By Renee Bossart/American Red Cross of Alaska
Do you have an emergency plan and kit for your pet when a disaster strikes? We love our pets and want them to be safe, so when updating or creating an emergency supply kit, remember to create one for your pets, too! It will be one less thing to do during a stressful time.
Alaskans know it is essential to have emergency supplies for their families. Many of us have faced disasters, and some of us have even had to leave our homes during one. Having emergency kits that we can load and go reduces the time it takes to leave our homes during a disaster, and we’re a little more comfortable knowing we are ready to go if we need to. If you have to leave your home, most likely, your pet needs to go, too. Have you thought of everything you need to take for your pet?
Extra food, water and bowls: Have a supply of food on hand – enough to get you through a couple of days until you can get more. If you end up using donated food that is a different brand, you can introduce the new brand of food by mixing it with the remaining pet food from your emergency kit. They will also need water, so be sure to include pet drinking water when you are storing water away for the family. Don’t forget to pack extra bowls for food and water, too.
Extra leash, tie-downs and collar with tags: Be sure to bring an extra leash, collar and tie-downs to secure your dog or other pets during an emergency.
Litter, litter box and plastic disposal bags: Consider your pet’s toileting needs. If your pet uses a litter box, be sure to include a box and extra litter, or if your pet toilets outside, bring their leash and bags to pick up their waste with.
Veterinarian records and prescriptions: Vaccination and veterinarian records should be kept with your other essential documents, but consider saving a copy of their current shots and rabies vaccine in their kit. Also, have the name of the veterinarian and their contact information in case you need to get emergency help and retrieve more information. If your pet was prescribed medication for the long term, ask your veterinarian for an extra prescription of it so you can add it to your pet’s emergency supply kit.
Pet identification: Register, license, and microchip your pets with the appropriate organizations. Keep their tags on their collars and the information updated. Make sure they wear their rabies tag, a tag with your contact information, and consider including their microchip tag. Stress can be high for everyone involved during a disaster, including our animals. If they choose to run away, these items will assist in reuniting you with your pets quickly.
Pet kennels, crates and toys: Kennels and crates are the safest way to transport your pets, even inside of a vehicle. These can also provide your animal with a measure of comfort when everything around them is changing. Kennels can be a safe and private space for your pet during a difficult time. Putting a blanket and durable toy inside can help them feel at home. Another comfort item you can add is something that smells like you. If you wear perfume or cologne every day, you can spray that scent on a stuffed toy or their blanket, or give them a piece of your clothing. These are especially helpful if you have to be away from them for a length of time.
Pet-friendly hotels and pet sitters: Keep a list of hotels that allow pets to stay, as well as a list of family or friends that are willing to care for your pet if you are unable to for any reason.
Animal shelter: During a disaster check with your local shelter to see what services they are offering. They may have food donations and pet accessories available or may be able to fulfill other needs that your pet may have. If you are separated from your pet during a disaster, be sure to contact the animal shelter. Animal Control and other animal welfare groups work hard to get pets out of danger and will take them to the animal shelter to wait for their owners.
If you need to go to a Red Cross shelter, service animals are welcome. Please bring your own crate, pet supplies, pet medications and food, when possible. While Red Cross shelters only allow service animals to stay inside with their handlers, the Red Cross works with local animal welfare groups to ensure that shelter residents and others in the community have a safe place nearby to take pets during a disaster.

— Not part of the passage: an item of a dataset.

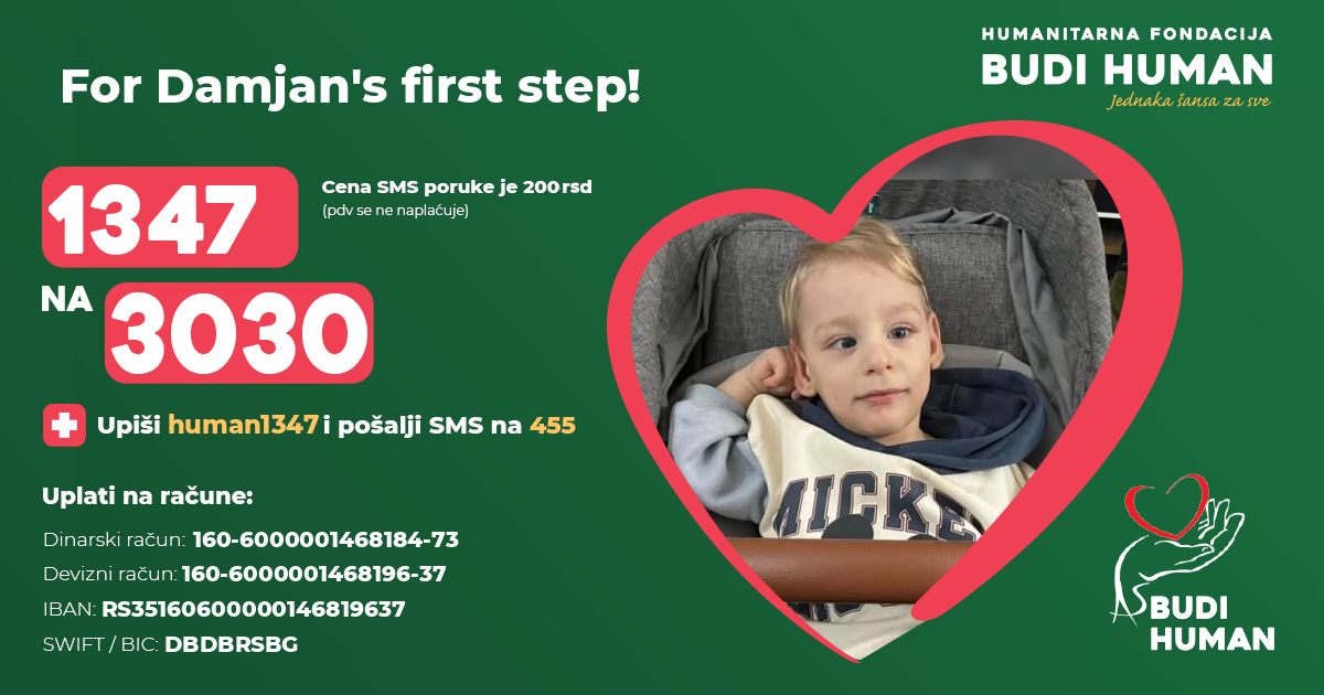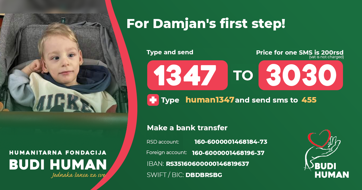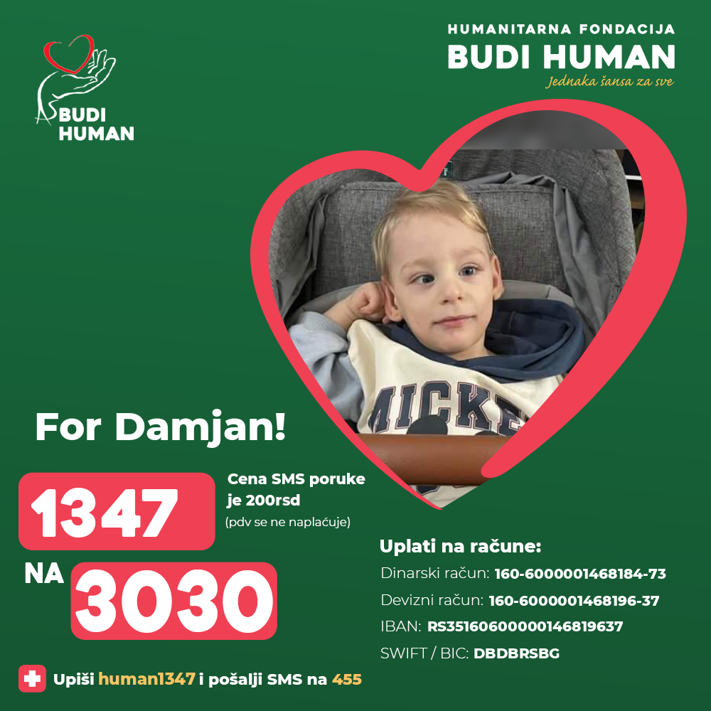 Regardless of everything he faces, Damjan is a cheerful and smiling boy who shows every day what a strong fighter he is. There is progress for the better, but not enough because he needs continuous treatment, which his parents are unable to provide, so they are asking all humane people to help them as much as they can.

American Red Cross Pet First Aid App: To help you remember all of these details, the American Red Cross has a free mobile phone app called Pet First Aid. It offers critical first aid information for your pet. You can also build a profile for each of your pets with their photo, program your veterinarian’s contact information, find pet-friendly hotels, and get more tips for making your pet’s emergency supply kit.
We love our pets like family, so let’s prepare them for an emergency as we do with our own family. Think about what your pet would want and need if they had to stay outside of your home for a few days. That way, if disaster does hit, everyone in your family is ready for it.